There is one product at the top of the Hungarian wine value pyramid that can be considered a paragon in its own category. Tokaji Aszú is one of the best known and most prestigious naturally sweet white wines in the world and can be clearly associated with Hungary. It is characterised by nearly 450 years of tradition and extremely unique natural and technological endowments, as well as boasting the world’s first system of origin protection. We spoke to István Szepsy about Tokaji Aszú.

What does Aszú represent in Hungary and in the world, and what could it represent?

Aszú is once again a top wine and is now also starting to return to the top of people’s minds. For this to happen, the concept of top Aszú needs to be clarified: it can only be made from grapes grown in historic, first-class vineyards, further divided into individual parcels. These areas boast old vines, once active ancient geysers, porous soils and ideal water management. Thus, top Aszú can only be made from a top site, a top variety and using top technology, and all this combined with strict yield restrictions. Aszú is also undergoing a change in style, which it needs to. Now we bottle wines after three years, so they can develop for longer in bottle. They mature in bottle and have less oak contact, so are lighter in colour and have greater ageability. The absolute can only be made in an absolute terroir, in an absolute vintage, from grapes grown on very old Furmint vines and by selecting the best aszú berries.

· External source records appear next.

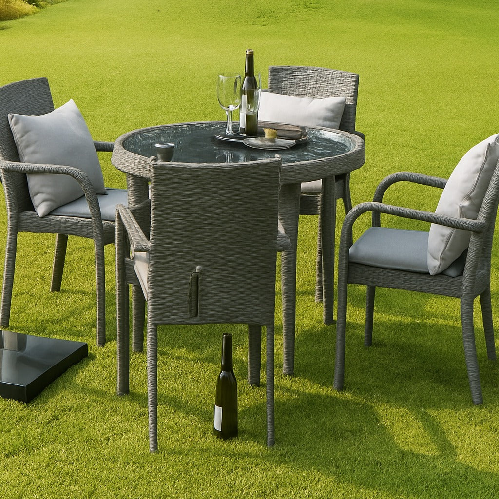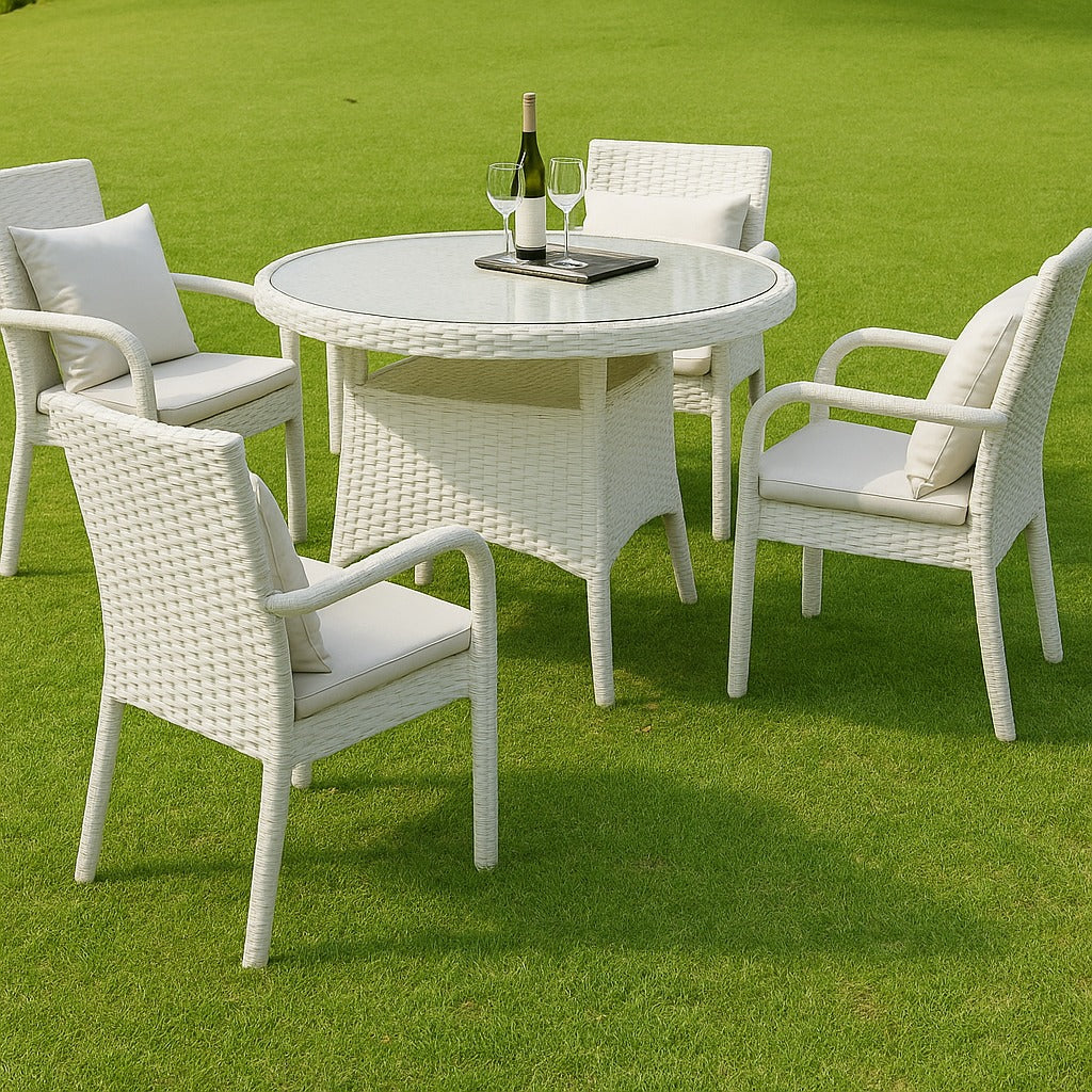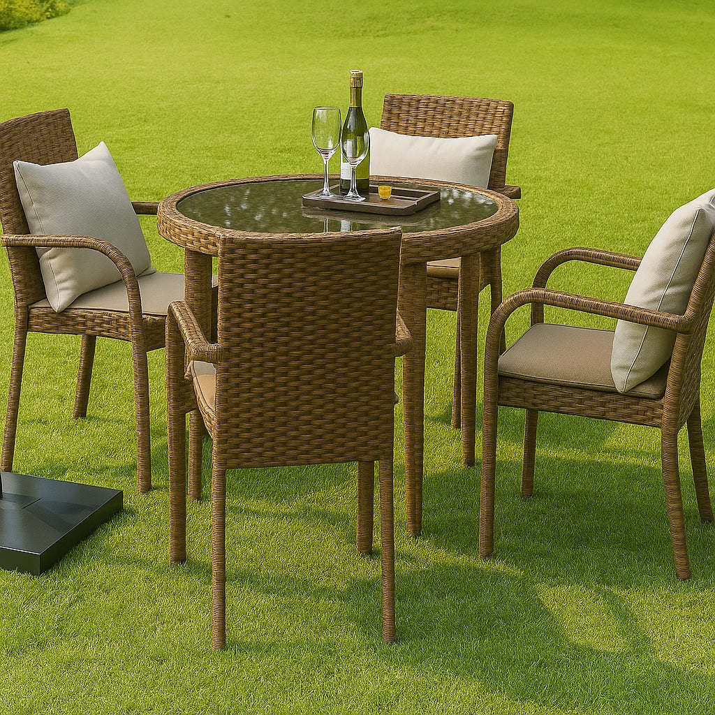 Bring the charm of vineyard dining to your backyard with the Vineyard Rattan Alfresco Dining Set 4 Chairs & Table 32" Round (without cushions) . This set includes four armchairs with natural rattan weave. The round glass-top table with a woven rattan base is perfect for outdoor meals and gatherings.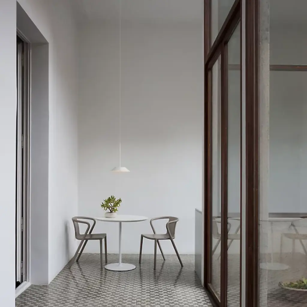 With its saucer-like appearance and sleek metallic finish, the Mayfair 5525 LED Pendant by Vibia makes for a modern, slightly futuristic addition to a variety of rooms. This metallic pendant light is equipped with a thin Steel rod and a circular canopy. Its LED light source generates a soft downwards illumination suitable for use atop kitchen islands, dining room tables, or assembled consecutively in hallways.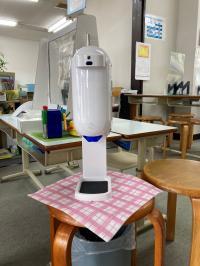 入口に体温・消毒設置しています。幼児さんも自分で簡単に体温を計れます。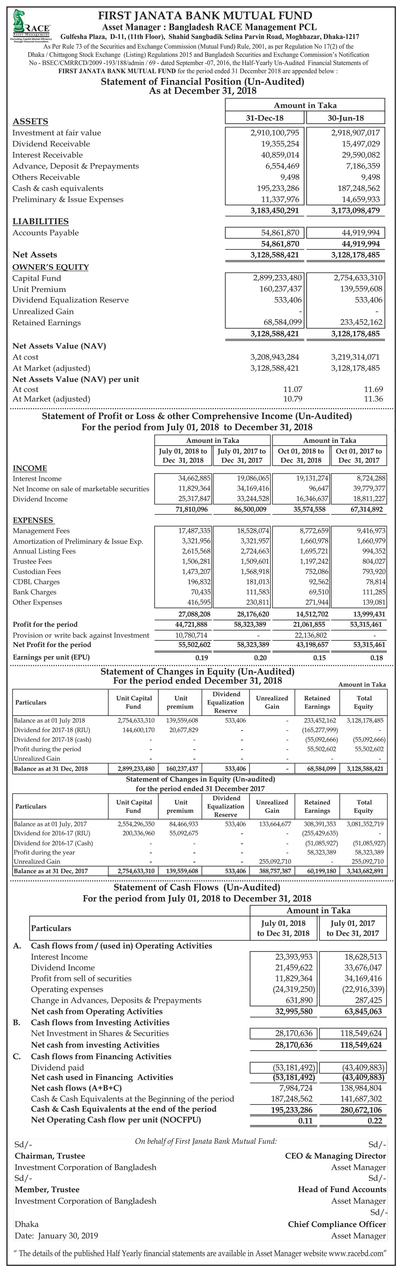 Statements of Financial Position (Un-audited) of First Janata Bank Mutual Fund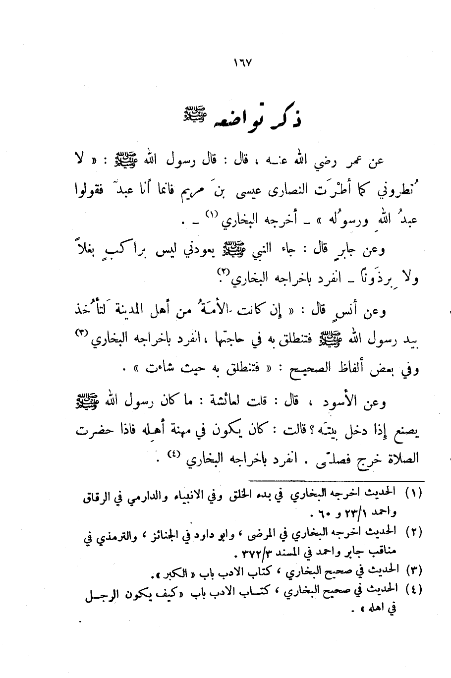 عن عمر رضي الله عنه قال قال رسول الله صلى الله عليه و سلم لا تطروني كما أطرت النصارى عيسى بن مريم فانما أنا عبد فقولوا عبد الله ورسوله أخرجه البخاري
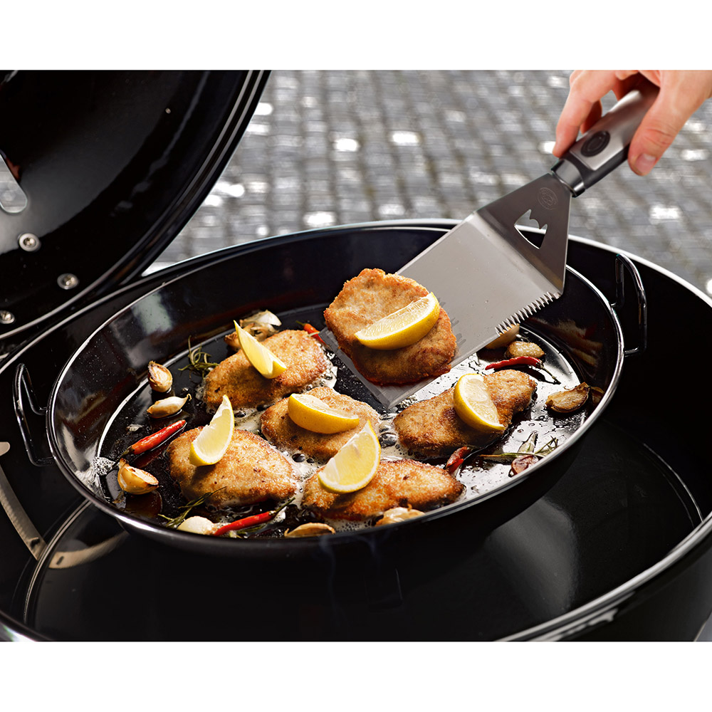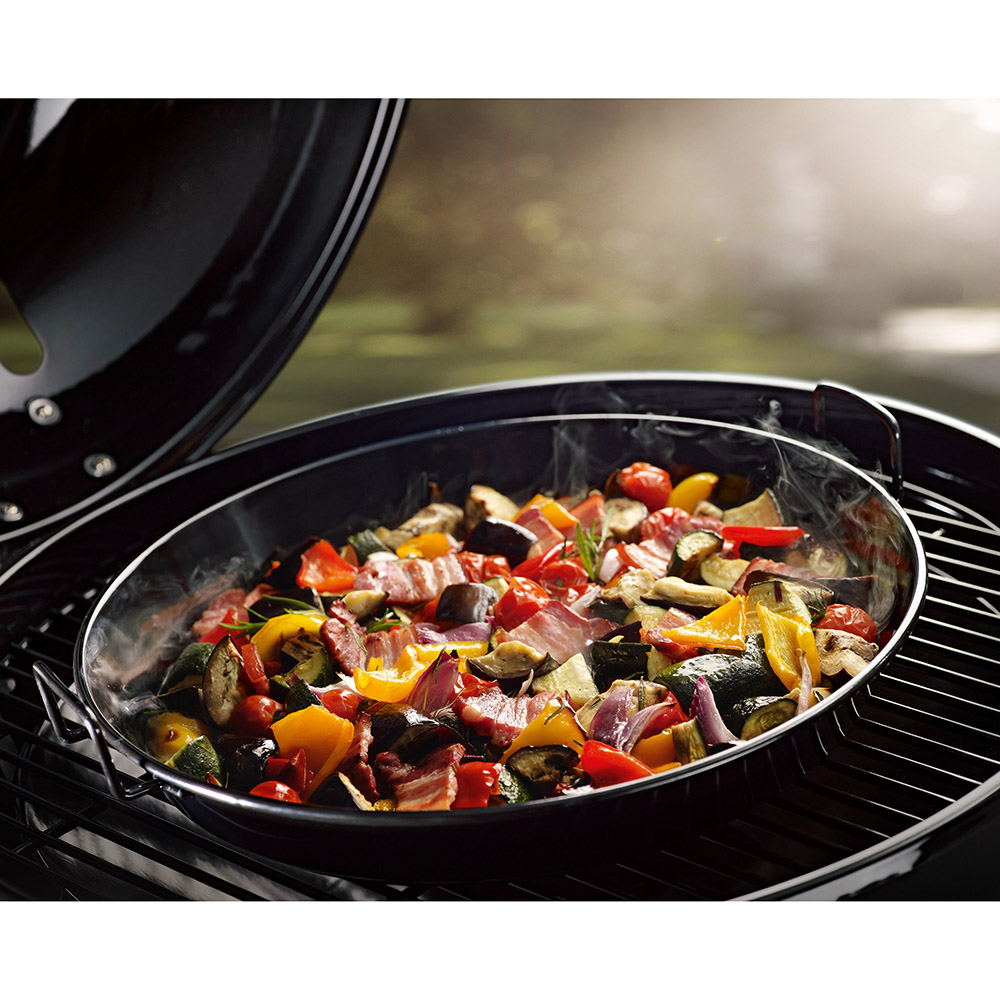 Das Outdoorchef Gourmet-Set 480/570 besteht aus einem Lochblech und einer Pfanne, kombiniert ist das Set ideal zum Dünsten. In der Gourmetpfanne kannst du eine leckere Paella oder ein Risotto direkt auf deinem Grill zubereiten. Die emaillierte Pfanne kann sowohl mit direkter als auch mit indirekter Hitze eingesetzte werden. Dank der emaillierten Oberfläche lässt sie sich besonders leicht reinigen. Mit dem Pizza-, Backblech sind leckere Pizzen vom Grill kein Problem! Die Löcher ermöglichen eine optimale Luftzirkulation, damit der Teig schön knusprig wird. Aber das Backblech ist nicht nur für feine Pizzen hervorragend geeignet, sondern auch für Flammkuchen, Fisch oder Gemüse. Auch andere Backwaren und kleines oder empfindliches Grillgut lassen sich auf dem Blech mühelos zubereiten. Sowie die Pfanne ist auch die Oberfläche des Backblechs emailliert, die Beschichtung sorgt dafür das, dass Grillgut nicht am Backblech haften bleibt.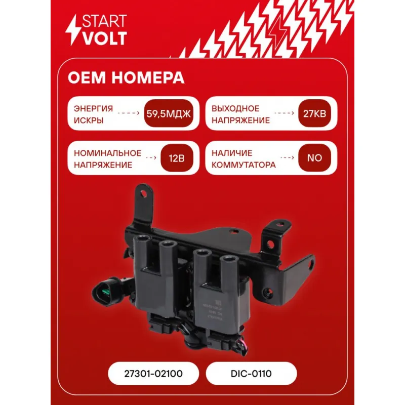 Катушка зажигания для автомобилей Hyundai Getz (02-) 1.1i Характеристики: Артикул: SC 0810 OEM номера: 27301-02100, DIC-0110 Количество контактов: 3 Выходное напряжение, кВ: 27 Номинальное напряжение, В: 12 Наличие коммутатора: Отсутствует Первичное сопротивление, Ом: 0,78 Вторичное сопротивление, кОм: 14,8 Первичная индуктивность, мН: 2,4 Вторичная индуктивность, Н: 23,2 Энергия искры, мДж: 59,5 Подходит для авто: Hyundai Getz (02-) Для проверки применяемости отправьте VIN автомобиля через вкладку "Есть вопросы о товаре?" Комплектация: Паспорт изделия/гарантийный талон - 1 шт Катушка зажигания - 1 шт Гарантия: от 1 года.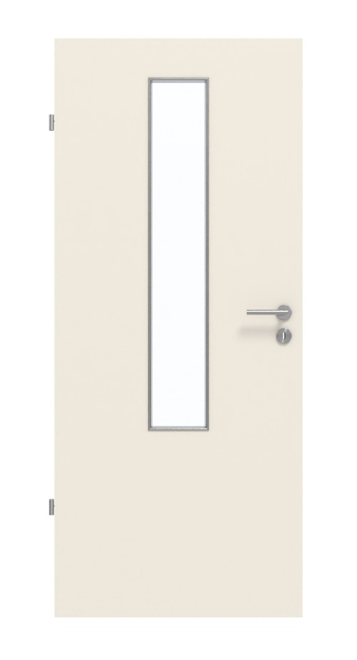 Prostokątne przeszklenie pośrodku skrzydła drzwiowego ma szerokość prawie 20 cm. Pozwala na delikatny dopływ światła. Dzięki jednolitej, kremowej barwie Dawn dekor ten pasuje do każdego stylu wnętrza. Wytrzymała powłoka HPL jest szczególnie odporna na zarysowania i ścieranie oraz na dostępne w handlu środki czyszczące.
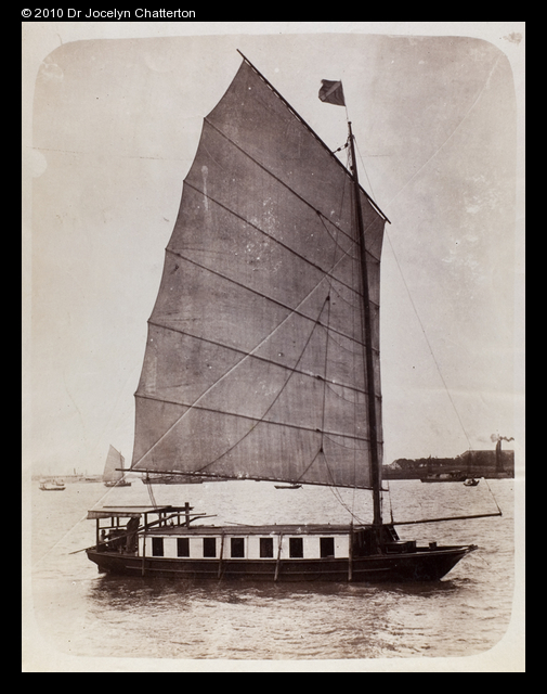 A foreigner’s hybrid houseboat, with large lug sail, on the Whangpoo, 1880-1890.

What is it that most sets Tokaji Aszú apart from other dessert wines in the world?

Its most important characteristic is that it is produced in a region where the soil is poor and mineral-rich with great water management; it conducts and stores water well and is generally porous and warm. The grapes take up the elements and in the kind of proportions that make Tokaj wines so very drinkable. It is unprecedented for a wine with 200 grams of residual sugar to be so drinkable. This is because the minerals clean the palate and, in a good quality wine, the finish feels almost dry. Aszú is a complex, concentrated natural product, which, if you do a good job, will amaze the consumer.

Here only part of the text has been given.